Sie sind als konsequent bekannt. Zum Beispiel gilt an jedem MEDIGREIF-Standort Rauch und Alkoholverbot. Wer das nicht beachtet, fliegt raus. Warum diese Regel?
Weil das für mich große Geißeln der Menschheit sind. Krankheiten, die damit in Zusammenhang stehen, kosten das Gesundheitssystem Milliarden. Rauchen wird aber nicht verboten, weil es dem Staat auch Milliarden an Steuereinnahmen bringt.
Wenn Sie nun konkret das Ende Ihrer Berufslaufbahn benennen, wie denken Sie dann heute über die Anfänge?
Sie waren kurios.

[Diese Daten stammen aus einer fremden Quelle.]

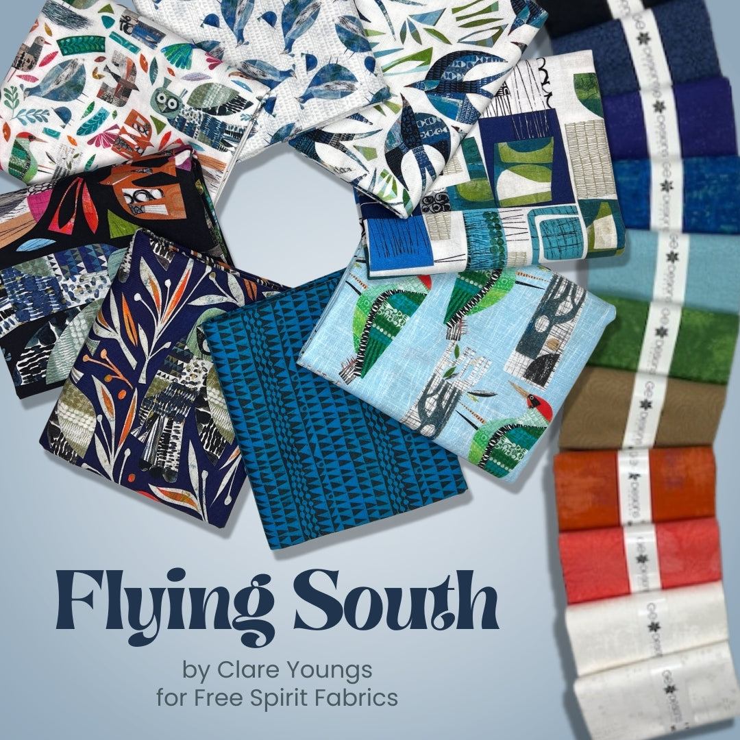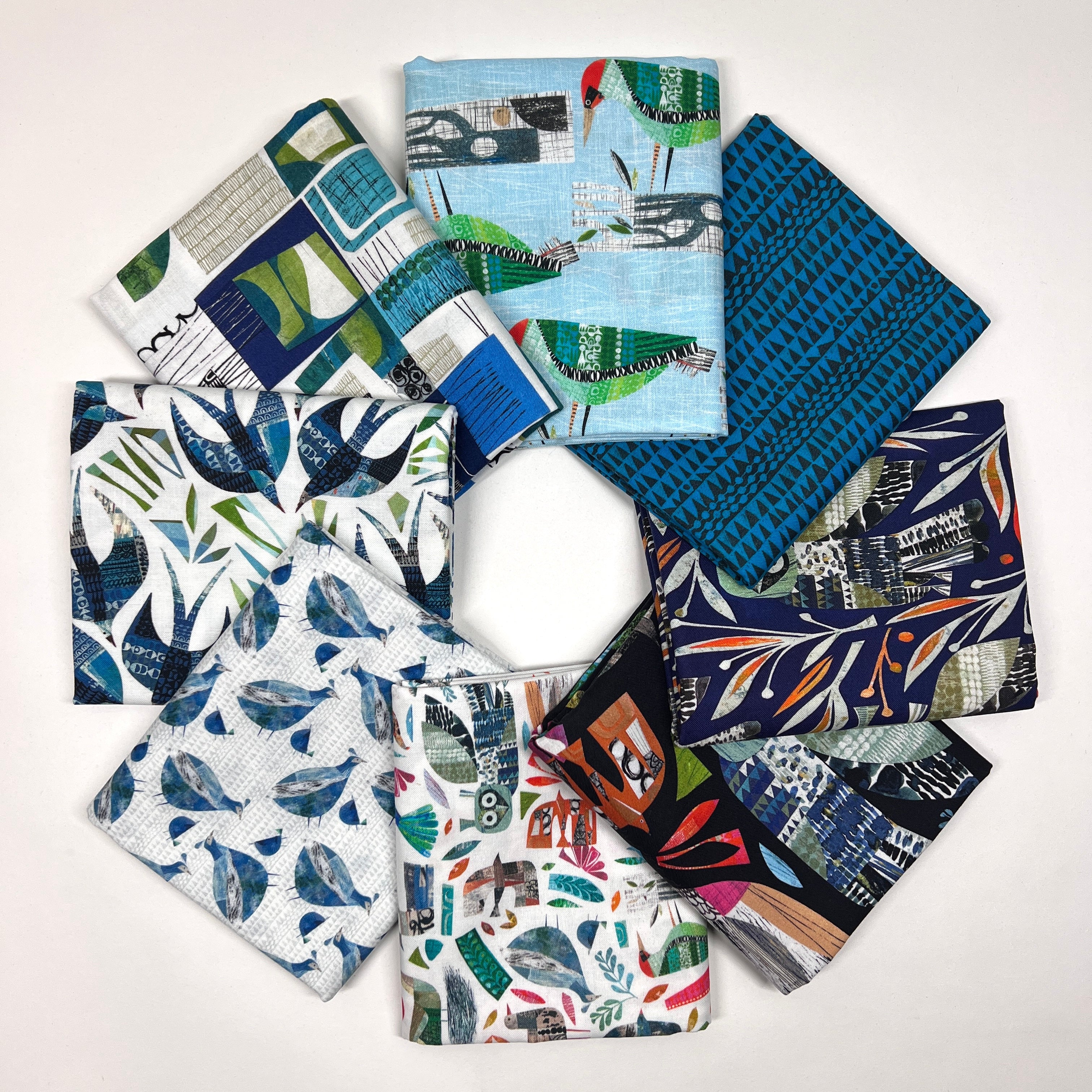 Bold, playful, and full of movement, Flying South by Clare Youngs for FreeSpirit Fabrics is a vibrant collection inspired by migration, nature, and the joy of exploration. This 8 piece half yard bundle features striking bird motifs, layered textures, and expressive botanical shapes in a rich palette of blues, teals, navy, crisp white, and lively pops of green and warm accents.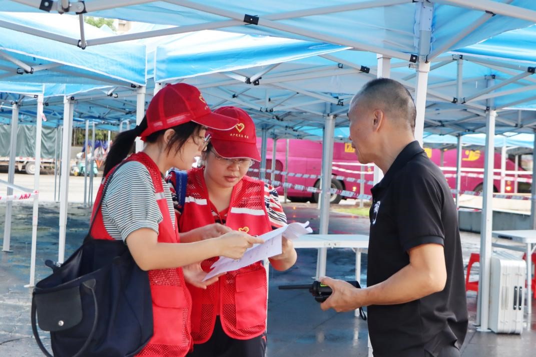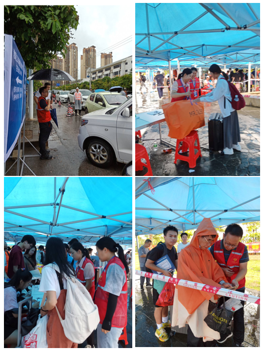 新生开学当天,超强台风“摩羯”来袭,给迎新工作带来较大压力。上午7时,身穿红色志愿者马甲的党员、教师志愿者已在校门口集中,等候着大一新生及家长的到来。新生陆续到达,负责校园车辆引导的先锋队员主动作为,疏导交通,为新生和家长们指引入校通道;负责校园治安的先锋队员不容懈怠,加强巡逻,在人员流动大的情况下时刻避免可能出现的突发状况;负责核查身份信息的先锋队员用心服务,在校门口迎接新生,为学生撑伞、提行李,尽力提供帮助,耐心引导新生完成报到流程。

Vor allem der Start für MEDIGREIF nach der Wende. Da ich das Ende der DDR und der militärmedizinischen Sektion kommen sah, habe ich früh überlegt, was aus dem Standort werden könnte, und meine Privatisierungspläne entwickelt.

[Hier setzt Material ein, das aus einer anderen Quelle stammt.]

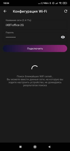 В процессе подключения приложение самостоятельно обнаружит кофеварку и предложит сообщить ей данные Wi-Fi-сети (название сети и пароль).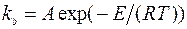 Здесь A - лабораторная константа, E - энергия активации данной реакции, R - универсальная газовая постоянная, T - температура.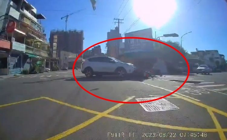 有網友上傳一段車禍事故影片,畫面清楚錄下,一部直行機車遭對向的左轉休旅車攔腰撞上,騎士當場被撞飛,機車車殼四散,機車車體則卡在休旅車車頭下,車禍發生後,肇事的休旅車仍繼續踩油門,推著機車往前開了15秒、約20公尺,讓一旁的騎士嚇壞,因為不清楚男騎士是否有卡在車底,急忙追上並按喇叭示意女駕駛停車。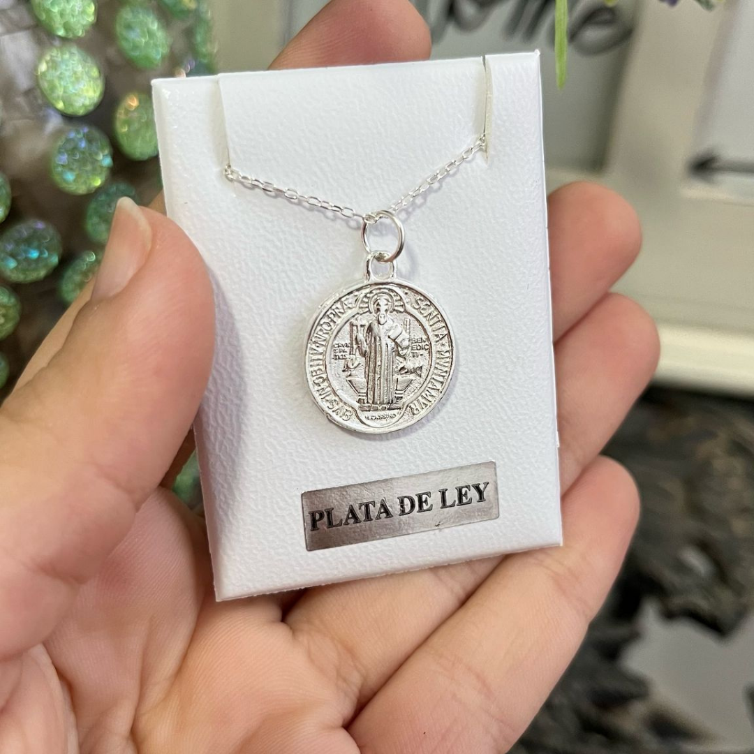 El Collar Medalla San Benito Mediana (Plata) te protege de todo lo malo que te pueda pasar. San Benito es el santo más poderoso contra brujerías , maleficios , malas energías y personas que te quieren hacer daño . Te ayuda cuando sientes que alguien te está haciendo brujería , cuando tienes mala suerte constante , accidentes frecuentes o cuando todo te sale mal . También te protege de tentaciones , vicios y malas decisiones . Te da fuerza para resistir el mal y mantener la fe en momentos difíciles. La medalla mediana es perfecta para uso diario, ni muy grande ni muy pequeña. Ideal para personas que necesitan protección fuerte contra el mal y quieren sentirse seguros espiritualmente.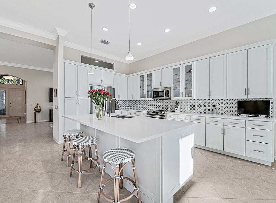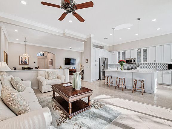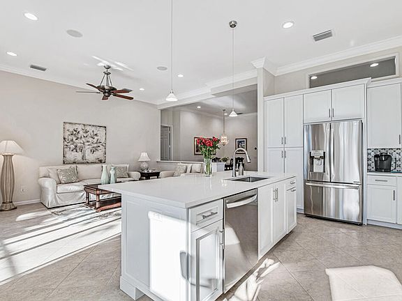 A DREAM LAKESIDE HOME! This stunning open concept 4 Bedrm home is nestled on a picturesque,pie shaped cul de sac lot with beautiful curb appeal! A newly remodeled kitchen is ideal with all white wood cabinets, quartz counters,stainless appliances,chefs island,eat in cafe space overlooking peace & serenity! With the wall down this custom Gibraltor model has neutral flooring,great closets,4 bdrms with bedrm 4 being used as an office. PLENTY OF ROOM FOR A POOL! Walk to State of Art Fitness Center! ENJOY 10 tennis,6 pickleball,3 Bocce crts,plus 2 indoor racquetball crts,Social tropical pool,water aerobics, lap,&resistance pools, indoor whirlpool,hot tub,so much more!Beauty salon,massages,clubs,shows,full time social director&Tennis/pickleball pro,amenities galore!Live the Valencia Life! LOVE!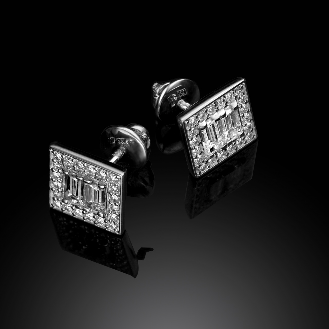 Серьги-пуссеты из белого золота с бриллиантами 0,76 карат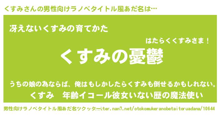| 女子向けラノベタイトル風あだ名 | 『(仮)くすみのやんごとなき事情』 |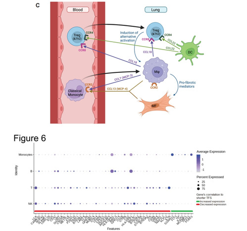 7、提出了特发性肺纤维化中肺-血募集模型,并预测单核细胞与淋巴细胞变化中的基因标志物

Ich bin dann in den Tagen nach der Deutschen Einheit persönlich zum damaligen Finanzminister Theo Waigel nach Bonn gefahren, um ein Kaufangebot für das Gelände zu machen. Der Bund wollte zunächst 30 Millionen D-Mark – was für mich unmöglich war -, dann 15 Millionen D-Mark. Bei der dritten Schätzung von elf Millionen D-Mark habe ich mit pochendem Herzen zugegriffen, einen Kredit aufgenommen – und die Erfolgsgeschichte begann.
Berufsbeginn als Tischler
Prof. Dr. Dietmar Enderlein (83) zählt zu den prägenden Unternehmerpersönlichkeiten in MV. Nach einer Tischlerlehre und dem Abitur studierte der gebürtige Plauener Medizin an der militärmedizinischen Sektion der Uni Greifswald. Er promovierte, wurde Facharzt für Sozial- und Arbeitsmedizin und stieg bis zum Kommandeur der Sektion sowie zum Oberst der NVA auf. Nach der politischen Wende gründete Enderlein am 15. März 1990 gemeinsam mit Mitstreitern die MEDIGREIF GmbH und entwickelte sie zu einer der größten privaten Gesundheitsgruppen in Ostdeutschland. Für sein unternehmerisches Lebenswerk erhielt Enderlein etliche Auszeichnungen. Bis 2010 besaß er auch mehrere Akut-Kliniken in Sachsen-Anhalt. Auch nach 36 Jahren steht er an der Spitze der MEDIGREIF-Unternehmensgruppe, noch zwei Jahre möchte er in dieser Position gestalten.